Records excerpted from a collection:
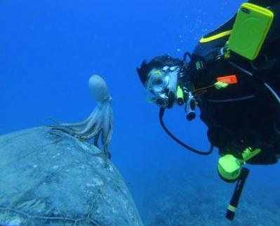 최근 한 온라인 커뮤니티 게시판에는 ‘패기 있는 문어’ 라는 제목으로 한 장의 사진이 게재됐다. 사진 속에 등장한 문어는 잠수부와 눈을 마주치고 있는 모습이 담겨 있다.
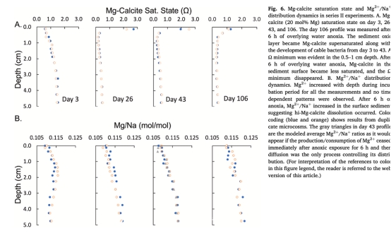 探討了電纜細(xì)菌在缺乏鐵(Fe)和錳(Mn)的碳酸鹽沉積物(美國(guó)佛羅里達(dá)灣)中的活動(dòng)及其對(duì)元素循環(huán)的影響。通過(guò)實(shí)驗(yàn)室微宇宙實(shí)驗(yàn),結(jié)合高分辨率傳感技術(shù)(如平面光學(xué)傳感器和微電極),研究發(fā)現(xiàn)電纜細(xì)菌可利用深層溶解態(tài)硫化物(H?S)作為還原劑,無(wú)需依賴(lài)固態(tài)硫化物或鐵錳循環(huán)即可維持電硫氧化(e-SOx)代謝。電硫氧化導(dǎo)致沉積物表層(陰極區(qū))pH升高(~8.5)促進(jìn)文石和高鎂方解石沉淀(Ω=2-3),而亞表層(陽(yáng)極區(qū))pH降低(~6.5)引發(fā)碳酸鹽溶解(Ω=0.2-0.3),伴隨Ca2?、Mg2?釋放。磷酸鹽(ΣPO?3?)在電活性區(qū)被消耗,可能與電纜細(xì)菌細(xì)胞內(nèi)聚磷酸鹽積累有關(guān),這對(duì)磷受限的碳酸鹽沉積物中海草磷獲取有潛在意義。
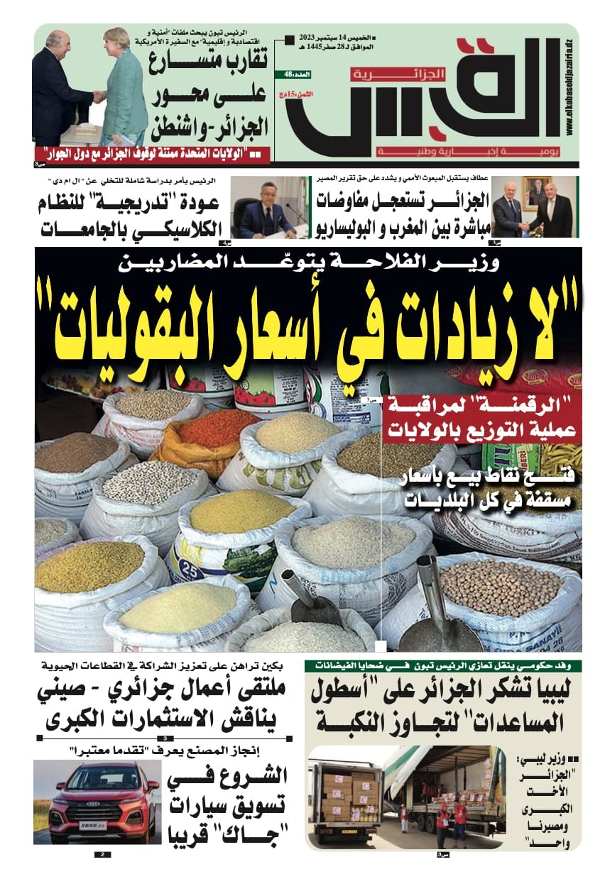 النسخة الورقية عدد 14-09-2023 اخر تحديث : 2023/09/13 على 9:47 مساءً بواسطة القبس الجزائرية/وكالات منذ سنتين مضت شارك [wpdm_package id=’4235′] القبس الجزائرية/وكالات 13 سبتمبر، 2023 13 سبتمبر، 2023 شارك هذه المقالة فيسبوك تويتر Whatsapp Whatsapp LinkedIn المقالة السابقة الكونغرس المكسيكي يعرض جثث “كائنات غير بشرية”يعتقد أن عمرها يتجاوز 1000 عام !! المقالة التالية تنظيم المنتدى الجزائري الأمريكي حول الطاقة من 7 الى 9 نوفمبر بواشنطن اترك تعليقا اترك تعليقاً إلغاء الردلن يتم نشر عنوان بريدك الإلكتروني. الحقول الإلزامية مشار إليها بـ *التعليق * الاسم * البريد الإلكتروني * الموقع الإلكتروني احفظ اسمي، بريدي الإلكتروني، والموقع الإلكتروني في هذا المتصفح لاستخدامها المرة المقبلة في تعليقي. أحدث التعليقاتتيسمسيلت: توقيف شبكة إجرامية بحوزتها 5739 قرص…8 يناير 2026766 viewsالفاف يتقدم بشكوى رسمية إلى الكاف والفيفا11 يناير 2026712 viewsالحارس الدولي أسامة بن بوط يعلن اعتزاله…12 يناير 2026695 viewsأحدث التعليقات
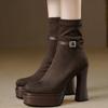 Elegant Women Ankle Boots Suede High Heels Shoes Sexy New Chunky Shoes Designer 2025 Winter Boots Woman Pumps
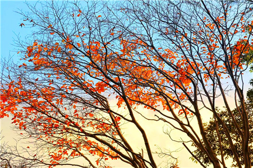 在吊橋上看紅葉。老界嶺高空玻璃吊橋建于老界嶺風景區(qū)神女峰旁,全長達120米,離地高度超百米,是凌駕于峰頂之上的玻璃吊橋。這里不僅是考驗膽量的地方,更是金秋時節(jié)不可錯過的賞紅地,于群山之上,紅海之中,抬起頭,深深的吸一口氣,秋天的味道縈繞鼻尖,是成熟的,是喜悅的,更是熱烈的。而你,完完全全的“淹沒”在這片紅色的海洋里,這種極致體驗盡在金秋時節(jié)的老界嶺!
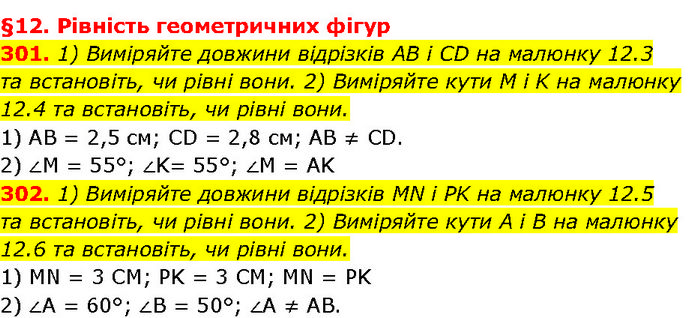§12. Рівність геометричних фігур 301. 1) Виміряйте довжини відрізків AB і CD на малюнку 12.3 та встановіть, чи рівні вони. 2) Виміряйте кути M і K на малюнку 12.4 та встановіть, чи рівні вони. 1) AB = 2,5 см; CD = 2,8 см; AB ≠ CD. 2) ∠M = 55°; ∠K= 55°; ∠M = AK 302. 1) Виміряйте довжини відрізків MN і PK на малюнку 12.5 та встановіть, чи рівні вони. 2) Виміряйте кути А і В на малюнку 12.6 та встановіть, чи рівні вони. 1) MN = 3 CM; PK = 3 CM; MN = PK 2) ∠A = 60°; ∠B = 50°; ∠A ≠ AB.
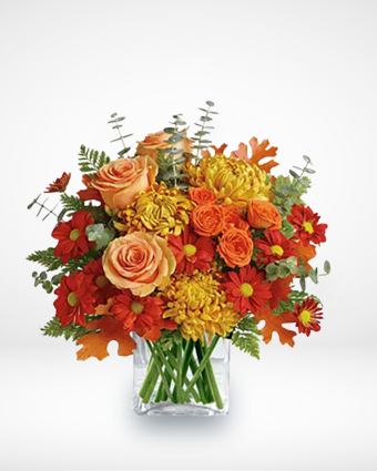 Box mixed with 30 colorful autumn flower and a touch of white roses
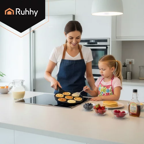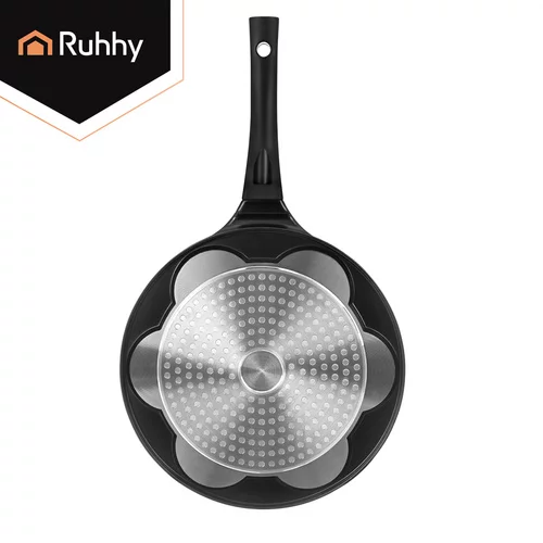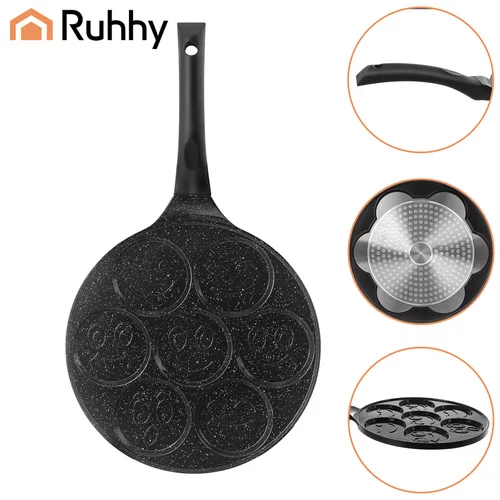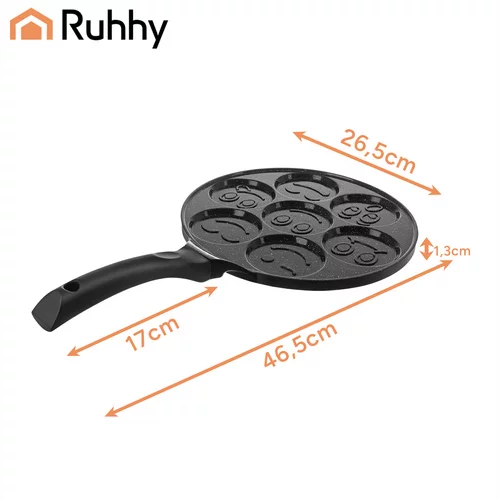 Nepřilnavá pánev na lívance RUHHY zpříjemní každé vaření a promění snídaně v zábavu pro děti i dospělé. Umožňuje připravit až 7 lívanců nebo vajíček najednou, čímž šetří čas a usnadňuje přípravu jídla pro celou rodinu. Keramický nepřilnavý povrch zajišťuje snadné smažení bez připalování a s minimem tuku. Univerzální dno je vhodné pro všechny typy sporáků včetně indukce a rovnoměrné rozložení tepla garantuje perfektní výsledek při každém použití.

Exercise details
Please return the data above exactly as it stands from the line with "在吊橋上看紅葉。老界嶺高空玻" to the line with "Box mixed with", keeping both of those lines but none of the pictures.

Your solution
 在吊橋上看紅葉。老界嶺高空玻璃吊橋建于老界嶺風景區(qū)神女峰旁,全長達120米,離地高度超百米,是凌駕于峰頂之上的玻璃吊橋。這里不僅是考驗膽量的地方,更是金秋時節(jié)不可錯過的賞紅地,于群山之上,紅海之中,抬起頭,深深的吸一口氣,秋天的味道縈繞鼻尖,是成熟的,是喜悅的,更是熱烈的。而你,完完全全的“淹沒”在這片紅色的海洋里,這種極致體驗盡在金秋時節(jié)的老界嶺!
§12. Рівність геометричних фігур 301. 1) Виміряйте довжини відрізків AB і CD на малюнку 12.3 та встановіть, чи рівні вони. 2) Виміряйте кути M і K на малюнку 12.4 та встановіть, чи рівні вони. 1) AB = 2,5 см; CD = 2,8 см; AB ≠ CD. 2) ∠M = 55°; ∠K= 55°; ∠M = AK 302. 1) Виміряйте довжини відрізків MN і PK на малюнку 12.5 та встановіть, чи рівні вони. 2) Виміряйте кути А і В на малюнку 12.6 та встановіть, чи рівні вони. 1) MN = 3 CM; PK = 3 CM; MN = PK 2) ∠A = 60°; ∠B = 50°; ∠A ≠ AB.
 Box mixed with 30 colorful autumn flower and a touch of white roses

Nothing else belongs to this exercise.